▼

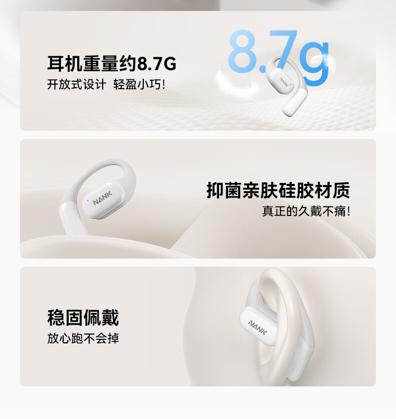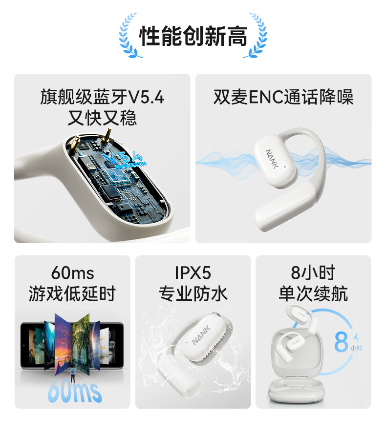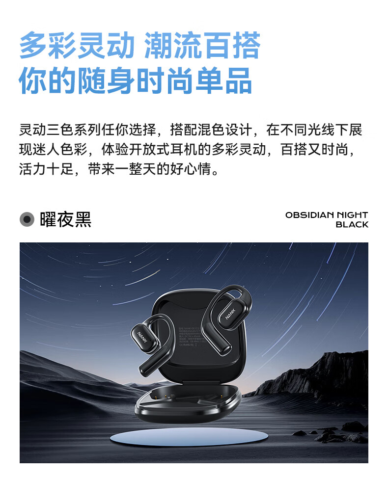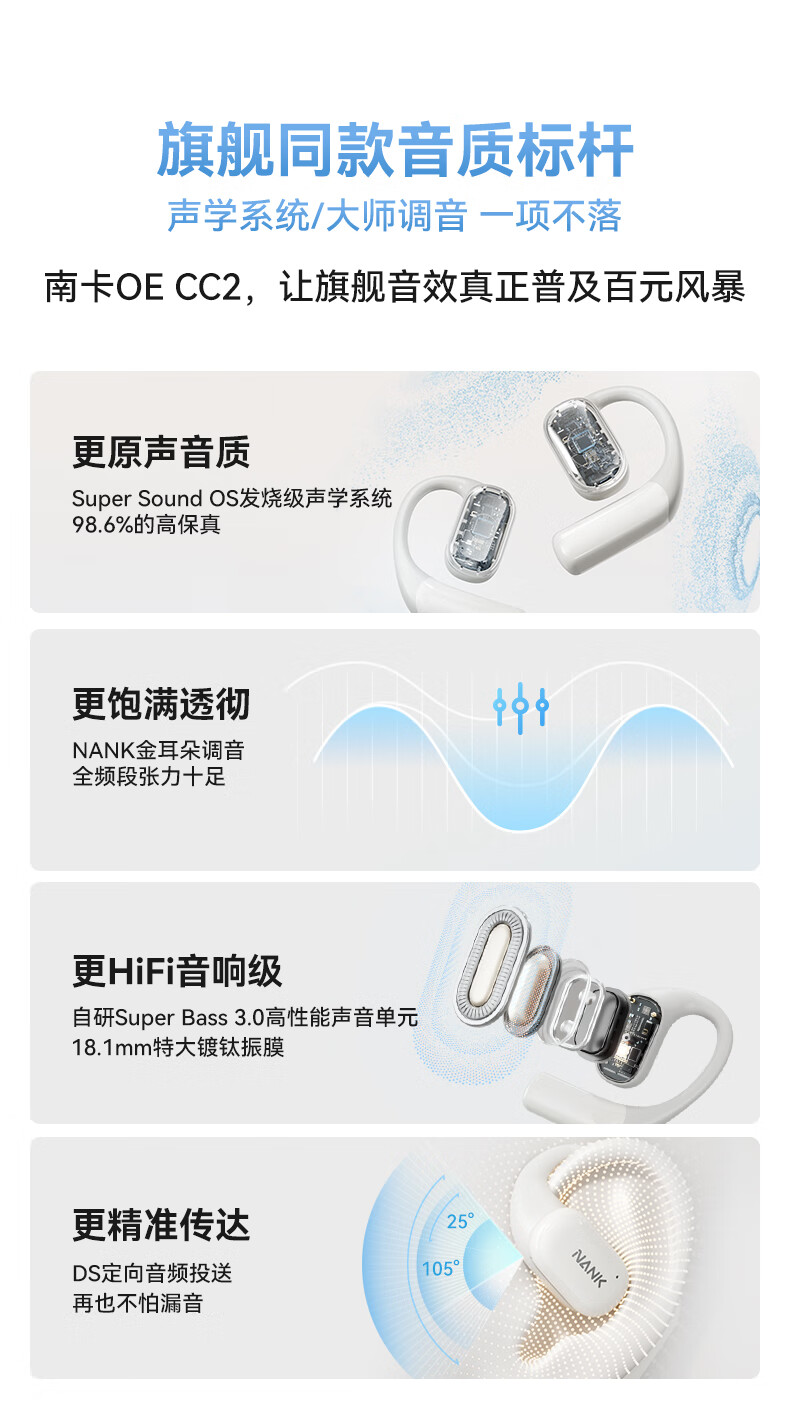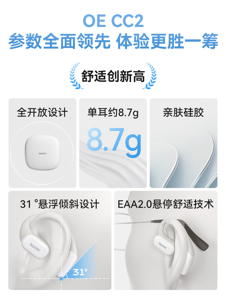 南卡(NANK)OE CC2 开放式挂耳蓝牙耳机不入耳气传导无线跑步运动骑行超长续航防水防汗通话降噪 【全新升级2代】穹顶蓝|全景音
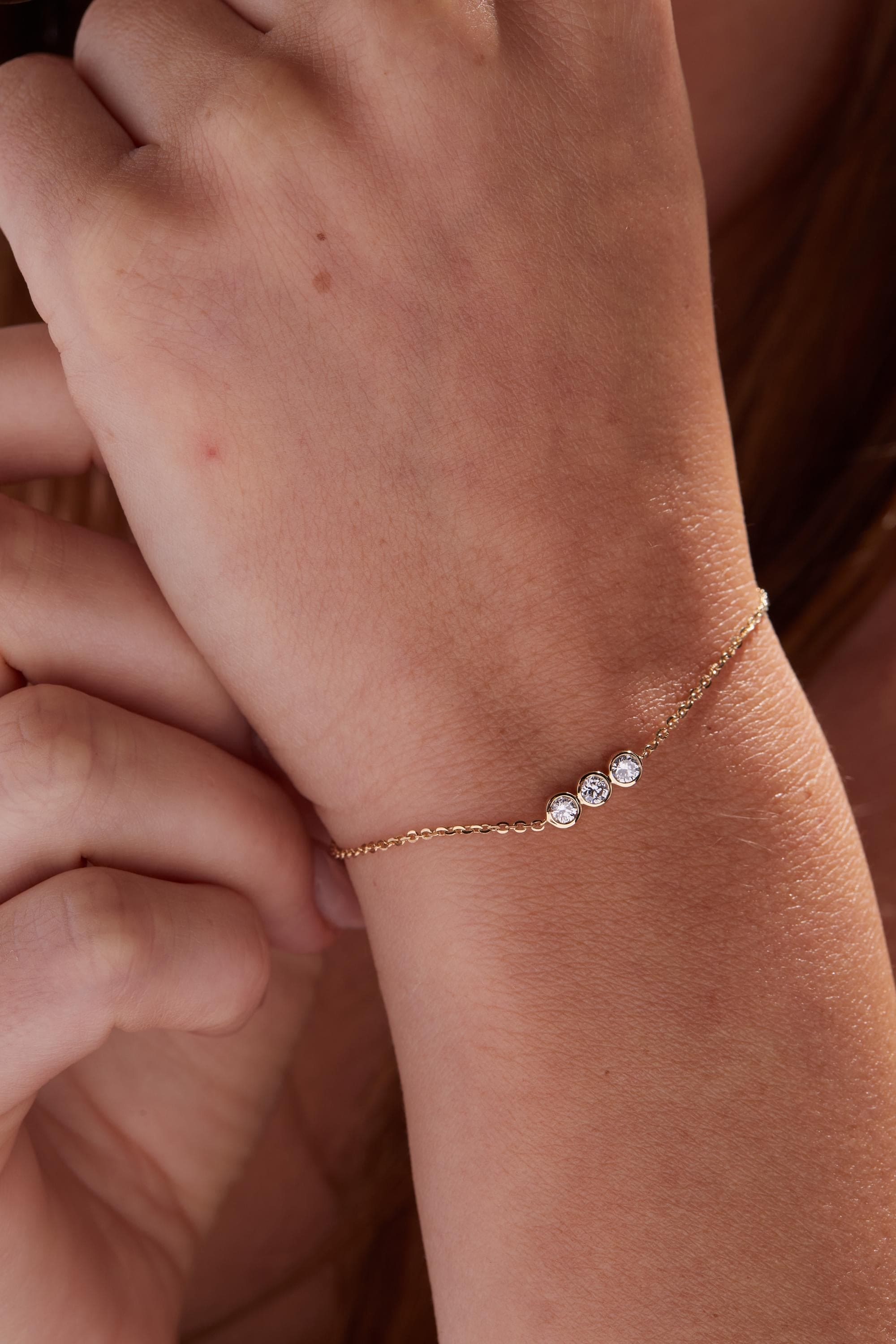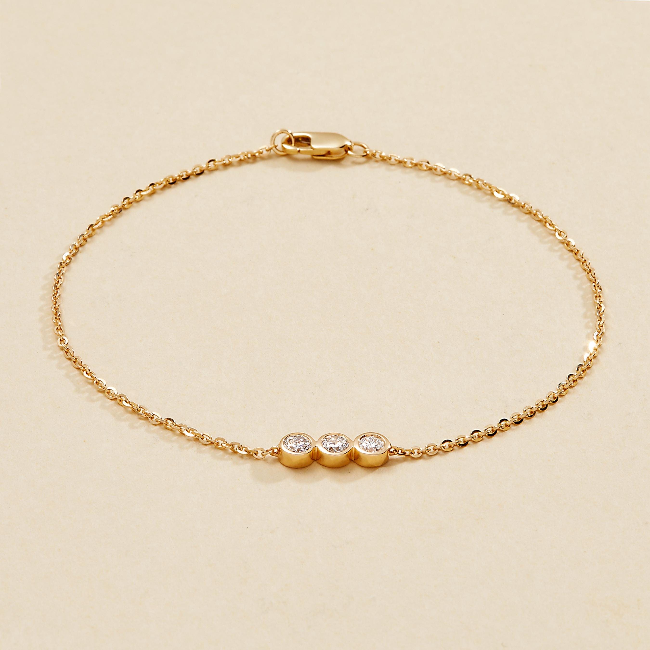 Our beautiful Minimalist 3 Bezel Set Lab Grown Diamond Bracelet, a perfect piece for gifting or treating yourself. Crafted in 14k yellow gold, this bracelet features three stunning bezel-set lab-grown diamonds, offering a timeless and elegant look that complements any outfit.
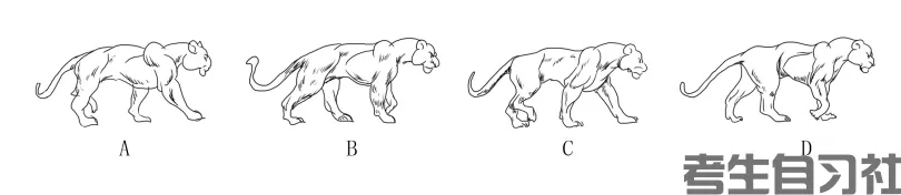 运用FLASH、PS或TVP等二维动画绘制软件,采用单线勾勒方式,参考ABCD四个关键姿态,绘制一组四足动物行走的原动画,并使之成为一组循环动作。自行设计角色颜色搭配,根据色彩应用原理,用颜色变化体现角色因行走而产生的光影变化,以及体积感与空间感。最后为这组四足动物行走动作设计景别合适的彩色背景,背景颜色与造型设计要与角色协调,有一定体积感与空间感。并附以文字,说明原动画张数、中间画距离与动作速度的关系。文字说明部分附加在循环动作之后。
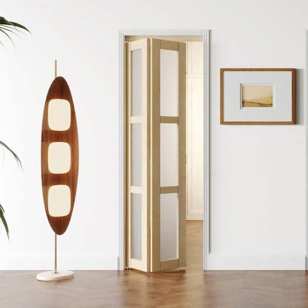 24 in. x 80 in. Frosted Glass Solid Core Light Brown 3-Lite MDF Wood PVC Covering Bi-fold doors with Hardware Kits
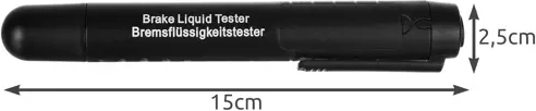 Gracias a su formato de bolígrafo es fácil de transportar y siempre estará a mano tanto en el taller como en carretera. Alimentación con una batería AAA estándar y construcción resistente de plástico para un uso fiable. La comprobación rápida de la calidad del líquido de frenos ayuda a mantener la capacidad de frenado y la seguridad del vehículo.
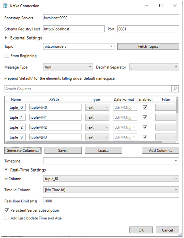 Click Add Column to add columns to the Kafka connection that represent sections of the message.
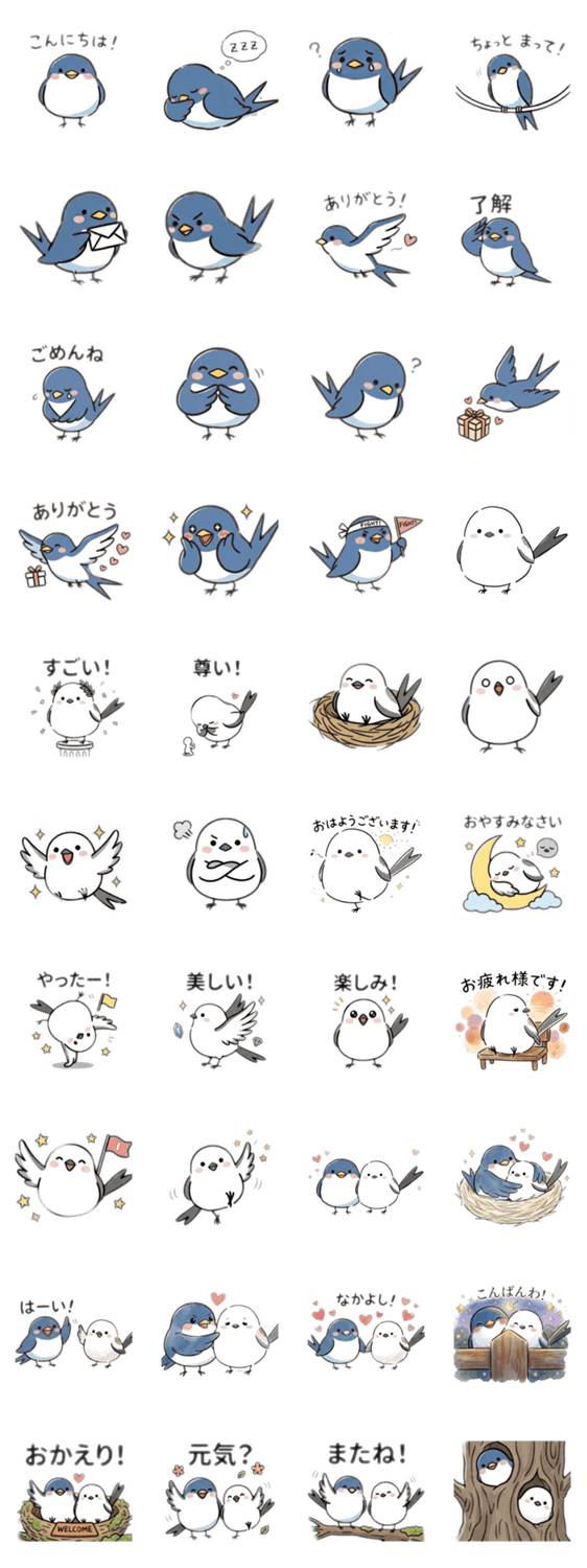 | スタンプ説明 | 春を運ぶツバメとシマエナガのコンビがスタンプに!毎日のトークで使いやすいポーズを40種類詰め込みました。春の訪れを感じる鳥さんたちと一緒に、会話を楽しみましょう♪ |

▲

I'd like the lines above repeated exactly, from the one that contains "Our beautiful Minimalist" through the one that contains "运用FLASH、PS或TVP", with no pictures.

__SOLUTION FOR THIS EXERCISE__:
 Our beautiful Minimalist 3 Bezel Set Lab Grown Diamond Bracelet, a perfect piece for gifting or treating yourself. Crafted in 14k yellow gold, this bracelet features three stunning bezel-set lab-grown diamonds, offering a timeless and elegant look that complements any outfit.
 运用FLASH、PS或TVP等二维动画绘制软件,采用单线勾勒方式,参考ABCD四个关键姿态,绘制一组四足动物行走的原动画,并使之成为一组循环动作。自行设计角色颜色搭配,根据色彩应用原理,用颜色变化体现角色因行走而产生的光影变化,以及体积感与空间感。最后为这组四足动物行走动作设计景别合适的彩色背景,背景颜色与造型设计要与角色协调,有一定体积感与空间感。并附以文字,说明原动画张数、中间画距离与动作速度的关系。文字说明部分附加在循环动作之后。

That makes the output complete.